Work instructions: As the answer, give exactly the lines of the records below from the one with "A Beautiful vintage" through the one with "is a wonderful", ends included and pictures left out.

Provided entries:
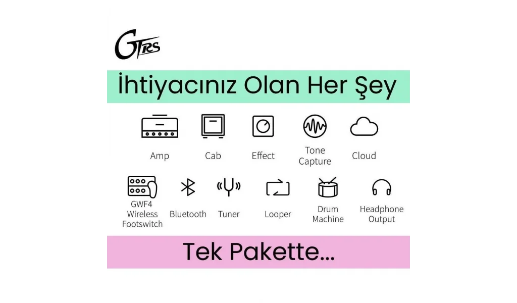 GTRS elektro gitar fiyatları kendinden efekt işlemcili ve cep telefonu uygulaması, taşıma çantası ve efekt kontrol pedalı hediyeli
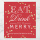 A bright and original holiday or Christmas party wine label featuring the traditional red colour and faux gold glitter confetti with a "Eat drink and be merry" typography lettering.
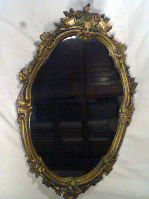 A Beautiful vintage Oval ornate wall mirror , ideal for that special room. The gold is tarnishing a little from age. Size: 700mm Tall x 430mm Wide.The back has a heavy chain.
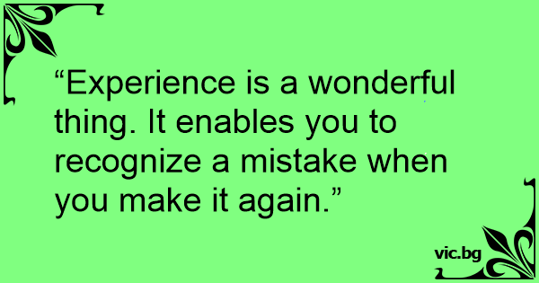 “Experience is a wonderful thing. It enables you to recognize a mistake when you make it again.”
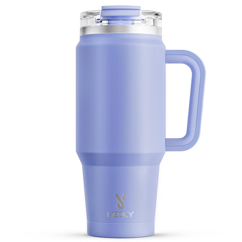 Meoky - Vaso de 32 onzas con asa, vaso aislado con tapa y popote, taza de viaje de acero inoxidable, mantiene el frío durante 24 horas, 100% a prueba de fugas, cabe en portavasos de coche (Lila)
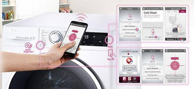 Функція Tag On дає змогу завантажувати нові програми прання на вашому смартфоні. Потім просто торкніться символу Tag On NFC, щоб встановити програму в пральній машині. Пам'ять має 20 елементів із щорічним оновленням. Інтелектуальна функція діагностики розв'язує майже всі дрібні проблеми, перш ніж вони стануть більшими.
...
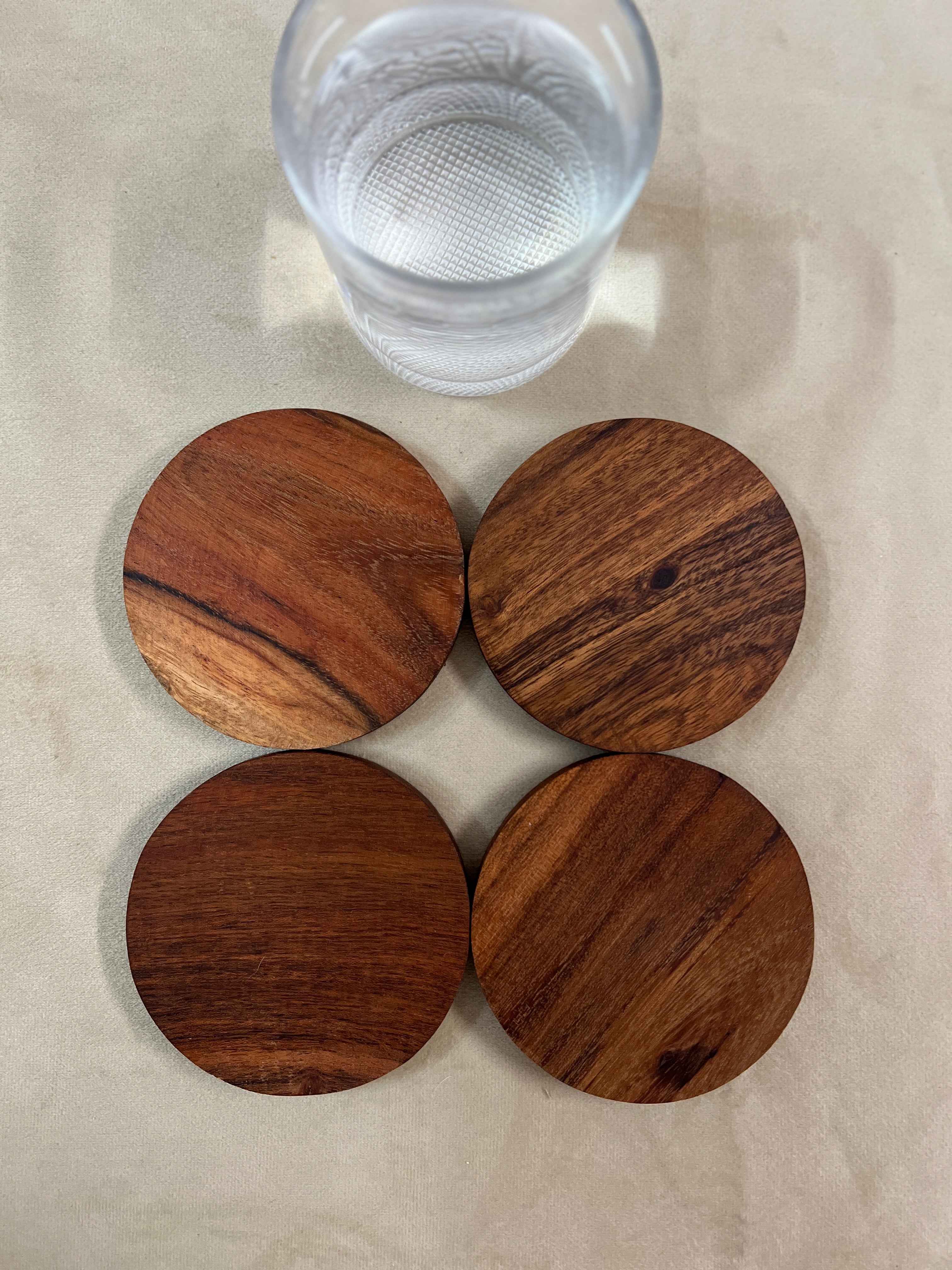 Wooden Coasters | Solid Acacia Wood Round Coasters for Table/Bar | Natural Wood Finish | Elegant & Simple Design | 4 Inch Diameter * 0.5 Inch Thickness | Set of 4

Task response:
 A Beautiful vintage Oval ornate wall mirror , ideal for that special room. The gold is tarnishing a little from age. Size: 700mm Tall x 430mm Wide.The back has a heavy chain.
 “Experience is a wonderful thing. It enables you to recognize a mistake when you make it again.”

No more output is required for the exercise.